Suppose the sea does rise another 2 meters, or 20 meters (it has risen over 100 since the last Ice Age). We could throw trillions of dollars at the problem in an attempt to emulate King Canute's futile command that the tide not come in, or we could use the money to mitigate the problem if it does happen.

The people in the Maldives are complaining that the industrialized world is causing climate change that might submerge their islands. Suppose it does; it would be far cheaper to relocate the Maldives' entire population, and buy new homes for them, than to squander money on an agenda that might not even prevent the problem. (In other words, we could easily pay now AND pay later.)

Now, suppose I'm a manufacturing employer in California, and have just been subjected to costly cap and trade mandates. I am not going to pay for state-imposed muda, and neither are my customers. I am therefore going to move the jobs to another state, or else offshore. That does not even get rid of the carbon dioxide; it just gets rid of the jobs.

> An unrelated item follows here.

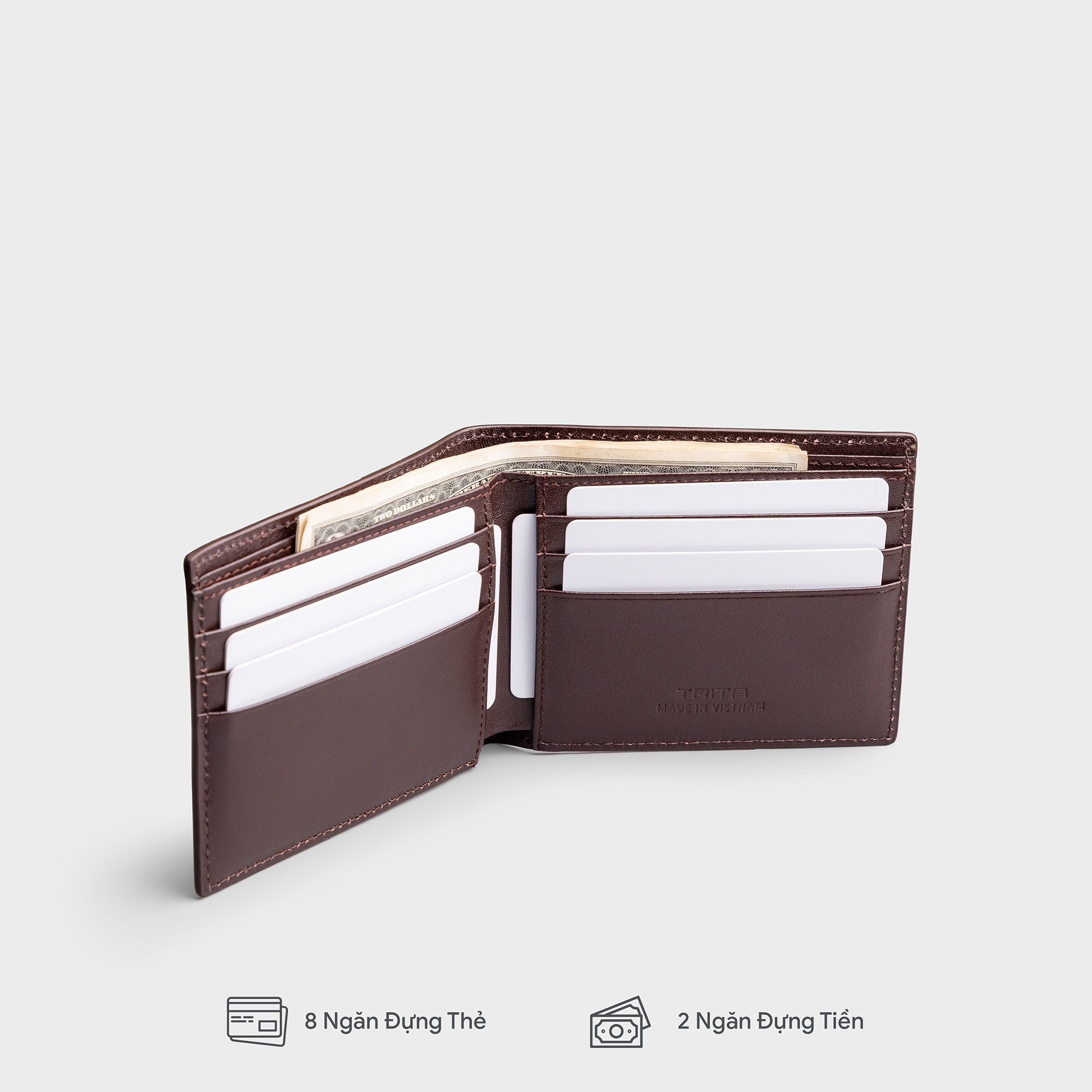 Ví da nam dáng ngang Trita RVN15 được làm chất liệu da bò thật cao cấp. Chất da mềm mại, đường kim, mũi chỉ chắc chắn. Logo được dập chìm bên ngoài và bên trong mang lại kiểu dáng sang trọng cho chiếc ví. Bên trong được thiết kế ngăn cơ bản phù hợp với mọi nhu cầu thường ngày. Sản phẩm có 2 gam màu cơ bản dễ dàng phối với mọi phong cách.

A reactor is another matter entirely. Carbon dioxide is not poisonous (except in concentrations that far exceed anything we are talking about today), while the products of a nuclear meltdown are obviously hazardous to human life. The same goes for genuine pollutants like nitrogen and sulfer oxides--I support regulation of those, along with things like mercury. I like natural gas because it burns cleaner than coal and (incidentally) produces less carbon dioxide, and now it is becoming economical.